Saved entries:
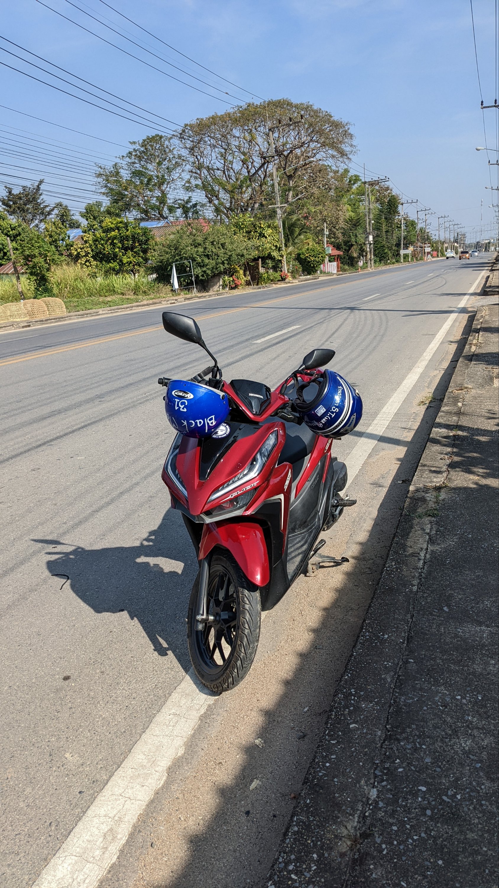 Nachdem fuhren wir noch zur Tankstelle um den Tank für die Weiterfahrt zu füllen und wir haben gegen den Hunger Kleinigkeiten gesnackt. Wir wollten wieder bald weiterfahren, damit wir nicht zu spät ankommen. René ist wieder gestartet und ich bin dann den Rest nach Pai gefahren. Nach über 300 km Fahrt sind wir ziemlich müde aber sehr glücklich angekommen. Es war ein bisschen wie nach Hause kommen, weil wir bereits vorher in Pai waren. Wir waren sehr froh, dass wir es geschafft haben und nichts passiert ist. Obwohl alles geklappt hat, hat der Hintern doch sehr geschmerzt und wir haben entschlossen, dass wir so lange Strecken in Zukunft auf mehrere Tage aufteilen.
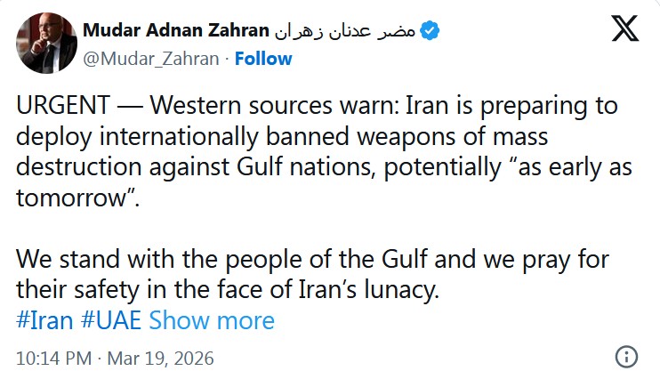 СРОЧНО . Западные источники предупреждают: Иран готовится применить запрещенное на международном уровне оружие массового поражения против стран Персидского залива, возможно, «уже завтра». Мы солидарны с народами Персидского залива и молимся за их безопасность перед лицом безумия Ирана.
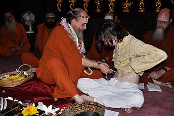 Bodhinatha ties the brahmachariya cord, a token of his pledge of purity.
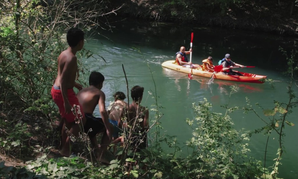 The film’s title, which is obviously borrowed from Stevenson, was obvious for me for several reasons. Treasure Island, the book, is effectively a quest, a tale of learning, and the story of a mutiny, the challenging of authority. It was quite unsettling for me, when we were half way through editing, to note that there were hidden similarities between all the accounts, all the characters that the film “accepted to keep”. The relationship to childhood of course, we said that. But also to freedom, authority, insubordination, transgression, which are omnipresent even in what Bayo, the night watchman has to say, his story that tells of his cry of revolt, his freedom of speech and insolence that cost him so much. Progressively, almost subconsciously, this rapport to freedom and rules became the core element of the film. To start with, I had considered this place as a place where freedom reigned. But I very quickly realised that even there, there were a multitude of things that were forbidden, and rules, and that this leisure base was in fact modelled on our society. When we started shooting, I effectively had a rather teenage rapport to this idea of rules, which naturally pushed me to be on the side of the scammers, and put me a little at odds with the base’s management – who were luckily very kind and considerate! What should be a place of freedom isn’t, but could things be any different? Yet, it’s was not forbidden to laugh about it. There’s something quite amusing and a bit absurd in this little game of cat and mouse played out day by day by the youngsters and security guards – who often did the same naughty tricks a few years before – around the strategic spots represented by the beach, where you have to pay to go in, and the bridge…
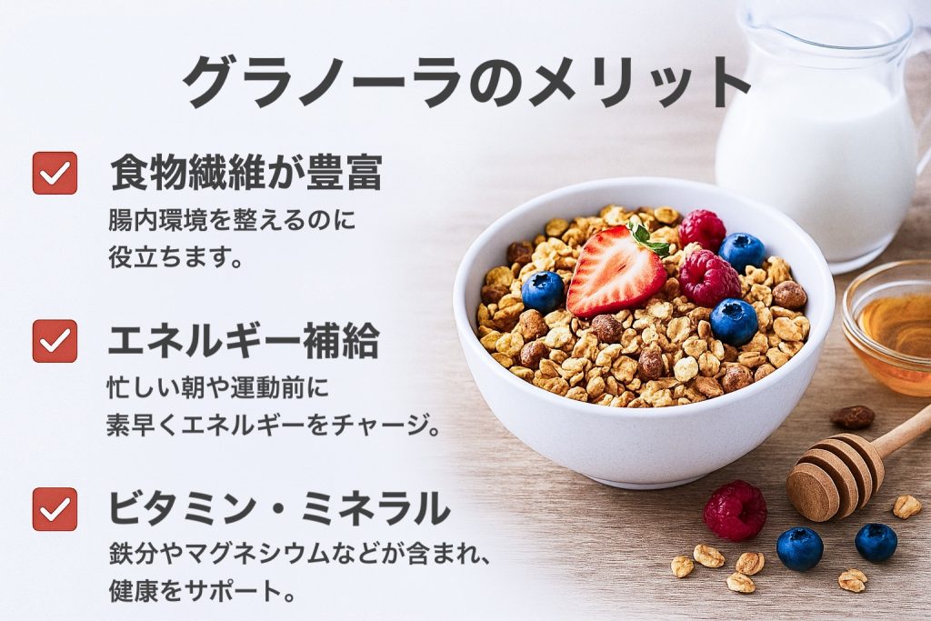 グラノーラは栄養価が高い場合が多く、以下のような利点があります:
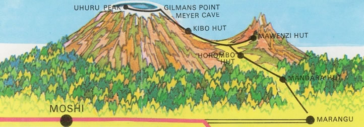 Similarly, this is a diagram from an East African Airways brochure entitled East Africa’s Magnificent Mountains illustrating “the most common way” for “the ascent of Kibo”. Nowadays there’s a range of routes for ascending Mt Kilimanjaro: from west to east, the best known are the Shira, the Machame, the Umbwe, the Mweka, and the Marangu routes. Given that I’d already been on the Marangu route (when I attempted to climb Kilimanjaro in 1959), I’d have loved to have climbed the mountain via one of the other routes, but – sadly – it wasn’t really a viable option in 1985. |
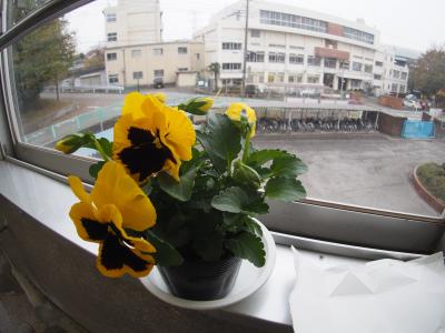 相談室の窓辺にパンジーです。相談員石黒さんが「川口駅前で見つけてふっと購入しちゃったんです」とおっしゃってました。小さな花ですが、相談室を訪ねた人や登校した生徒をやさしい気持ちにしてくれていました。

▸ **Problem to solve**
Your task is to repeat the entries above exactly, omitting the pictures.

▸ **Solution to this exercise**
 Nachdem fuhren wir noch zur Tankstelle um den Tank für die Weiterfahrt zu füllen und wir haben gegen den Hunger Kleinigkeiten gesnackt. Wir wollten wieder bald weiterfahren, damit wir nicht zu spät ankommen. René ist wieder gestartet und ich bin dann den Rest nach Pai gefahren. Nach über 300 km Fahrt sind wir ziemlich müde aber sehr glücklich angekommen. Es war ein bisschen wie nach Hause kommen, weil wir bereits vorher in Pai waren. Wir waren sehr froh, dass wir es geschafft haben und nichts passiert ist. Obwohl alles geklappt hat, hat der Hintern doch sehr geschmerzt und wir haben entschlossen, dass wir so lange Strecken in Zukunft auf mehrere Tage aufteilen.
 СРОЧНО . Западные источники предупреждают: Иран готовится применить запрещенное на международном уровне оружие массового поражения против стран Персидского залива, возможно, «уже завтра». Мы солидарны с народами Персидского залива и молимся за их безопасность перед лицом безумия Ирана.
 Bodhinatha ties the brahmachariya cord, a token of his pledge of purity.
 The film’s title, which is obviously borrowed from Stevenson, was obvious for me for several reasons. Treasure Island, the book, is effectively a quest, a tale of learning, and the story of a mutiny, the challenging of authority. It was quite unsettling for me, when we were half way through editing, to note that there were hidden similarities between all the accounts, all the characters that the film “accepted to keep”. The relationship to childhood of course, we said that. But also to freedom, authority, insubordination, transgression, which are omnipresent even in what Bayo, the night watchman has to say, his story that tells of his cry of revolt, his freedom of speech and insolence that cost him so much. Progressively, almost subconsciously, this rapport to freedom and rules became the core element of the film. To start with, I had considered this place as a place where freedom reigned. But I very quickly realised that even there, there were a multitude of things that were forbidden, and rules, and that this leisure base was in fact modelled on our society. When we started shooting, I effectively had a rather teenage rapport to this idea of rules, which naturally pushed me to be on the side of the scammers, and put me a little at odds with the base’s management – who were luckily very kind and considerate! What should be a place of freedom isn’t, but could things be any different? Yet, it’s was not forbidden to laugh about it. There’s something quite amusing and a bit absurd in this little game of cat and mouse played out day by day by the youngsters and security guards – who often did the same naughty tricks a few years before – around the strategic spots represented by the beach, where you have to pay to go in, and the bridge…
 グラノーラは栄養価が高い場合が多く、以下のような利点があります:
 Similarly, this is a diagram from an East African Airways brochure entitled East Africa’s Magnificent Mountains illustrating “the most common way” for “the ascent of Kibo”. Nowadays there’s a range of routes for ascending Mt Kilimanjaro: from west to east, the best known are the Shira, the Machame, the Umbwe, the Mweka, and the Marangu routes. Given that I’d already been on the Marangu route (when I attempted to climb Kilimanjaro in 1959), I’d have loved to have climbed the mountain via one of the other routes, but – sadly – it wasn’t really a viable option in 1985. |
 相談室の窓辺にパンジーです。相談員石黒さんが「川口駅前で見つけてふっと購入しちゃったんです」とおっしゃってました。小さな花ですが、相談室を訪ねた人や登校した生徒をやさしい気持ちにしてくれていました。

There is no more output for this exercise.